══ Recorded data ══

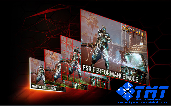 Công nghệ AMD FidelityFX in Super Resolution1 (FSR) tăng tốc độ khung hình của bạn lên trung bình 2,4 lần trên một số trò chơi được hỗ trợ FidelityFX Super Resolution với trải nghiệm chơi game chất lượng cao, độ phân giải cao được cung cấp bởi card đồ họa AMD Radeon RX 6000 Series. Tối ưu hóa trải nghiệm chơi game của bạn giữa bốn cài đặt trước, từ độ trung thực hình ảnh tốt nhất đến hiệu suất tối đa.
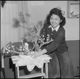 Keywords: Heart Mountain Relocation Center, Heart Mountain, Wyoming. Ruby Hifumi, 16 year old high school stu . . . - NARA - 539162.jpg Scope and content The full caption for this photograph reads Heart Mountain Relocation Center Heart Mountain Wyoming Ruby Hifumi 16 year old high school student with a special New Year's flower arrangement The material is a piece of pine a sprig of sage with paper flowers indicating a plum tree and paper bamboo The flower arrangement of the three materials symbolizes in order hardness courage and strength General notes 539162 Local identifier 210-G-E604 Department of the Interior War Relocation Authority 02/16/1944 - 06/30/1946 NARA-Author Parker Tom Photographer 4682167 <br /> Still Picture Records Section Special Media Archives Services Division NWCS-S National Archives at College Park 8601 Adelphi Road College Park MD 20740-6001 1943-01-09 Record group Record Group 210 Records of the War Relocation Authority 1941 - 1989 Record group ARC 537 Central Photographic File of the War Relocation Authority compiled 1942 - 1945 Series ARC 536000 File unit File unit ARC Variant control numbers NAIL Control Number NWDNS-210-G-E604 Other versions <gallery> File Heart_Mountain_Relocation_Center _Heart_Mountain _Wyoming _Ruby_Hifumi _16_year_old_high_school_stu_ _ _ _-_NARA_-_539162 tif tif File Heart_Mountain_Relocation_Center _Heart_Mountain _Wyoming _Ruby_Hifumi _16_year_old_high_school_stu_ _ _ _-_NARA_-_539162 jpg jpg </gallery> NARA-cooperation PD-USGov Heart Mountain War Relocation Center Three friends of winter |
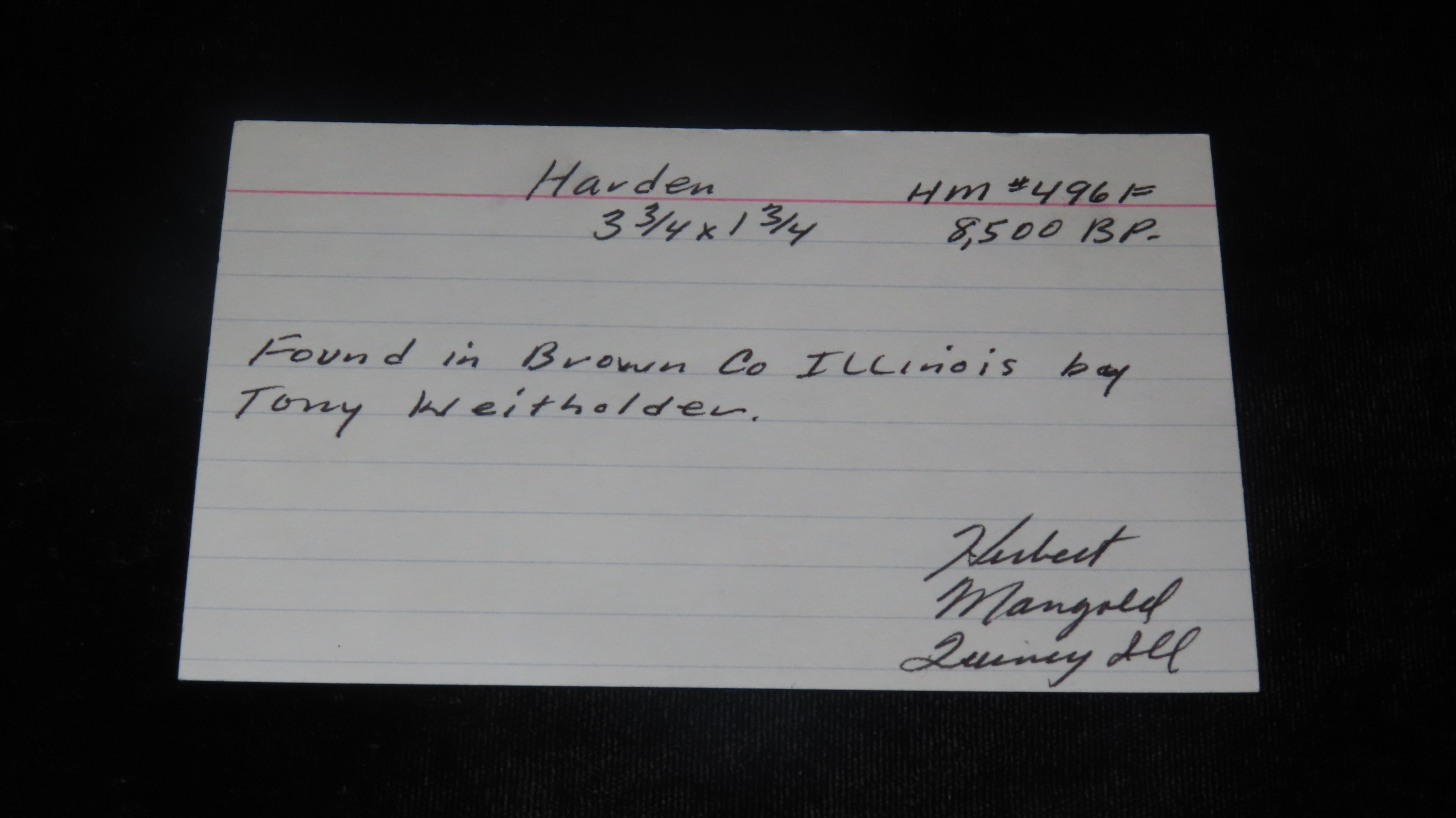 3 3/4″ x 1 3/4″ Hardin, Found in Brown Co. Illinois by Tony Weitholder, Ex. Herb Mangold Collection
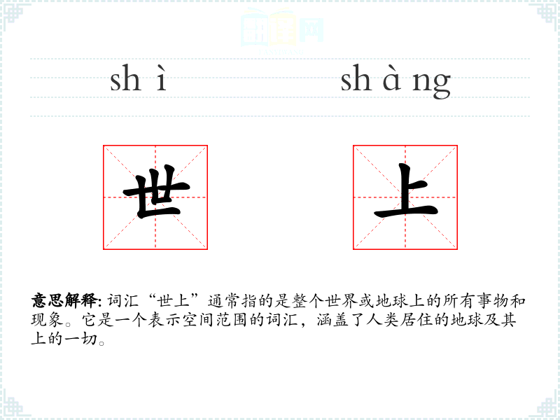 词汇“世上”通常指的是整个世界或地球上的所有事物和现象。它是一个表示空间范围的词汇,涵盖了人类居住的地球及其上的一切。

═══

**To do**.
All of the lines above should be retyped precisely, apart from the pictures.

**Task answer**.
 Công nghệ AMD FidelityFX in Super Resolution1 (FSR) tăng tốc độ khung hình của bạn lên trung bình 2,4 lần trên một số trò chơi được hỗ trợ FidelityFX Super Resolution với trải nghiệm chơi game chất lượng cao, độ phân giải cao được cung cấp bởi card đồ họa AMD Radeon RX 6000 Series. Tối ưu hóa trải nghiệm chơi game của bạn giữa bốn cài đặt trước, từ độ trung thực hình ảnh tốt nhất đến hiệu suất tối đa.
 Keywords: Heart Mountain Relocation Center, Heart Mountain, Wyoming. Ruby Hifumi, 16 year old high school stu . . . - NARA - 539162.jpg Scope and content The full caption for this photograph reads Heart Mountain Relocation Center Heart Mountain Wyoming Ruby Hifumi 16 year old high school student with a special New Year's flower arrangement The material is a piece of pine a sprig of sage with paper flowers indicating a plum tree and paper bamboo The flower arrangement of the three materials symbolizes in order hardness courage and strength General notes 539162 Local identifier 210-G-E604 Department of the Interior War Relocation Authority 02/16/1944 - 06/30/1946 NARA-Author Parker Tom Photographer 4682167 <br /> Still Picture Records Section Special Media Archives Services Division NWCS-S National Archives at College Park 8601 Adelphi Road College Park MD 20740-6001 1943-01-09 Record group Record Group 210 Records of the War Relocation Authority 1941 - 1989 Record group ARC 537 Central Photographic File of the War Relocation Authority compiled 1942 - 1945 Series ARC 536000 File unit File unit ARC Variant control numbers NAIL Control Number NWDNS-210-G-E604 Other versions <gallery> File Heart_Mountain_Relocation_Center _Heart_Mountain _Wyoming _Ruby_Hifumi _16_year_old_high_school_stu_ _ _ _-_NARA_-_539162 tif tif File Heart_Mountain_Relocation_Center _Heart_Mountain _Wyoming _Ruby_Hifumi _16_year_old_high_school_stu_ _ _ _-_NARA_-_539162 jpg jpg </gallery> NARA-cooperation PD-USGov Heart Mountain War Relocation Center Three friends of winter |
 3 3/4″ x 1 3/4″ Hardin, Found in Brown Co. Illinois by Tony Weitholder, Ex. Herb Mangold Collection
 词汇“世上”通常指的是整个世界或地球上的所有事物和现象。它是一个表示空间范围的词汇,涵盖了人类居住的地球及其上的一切。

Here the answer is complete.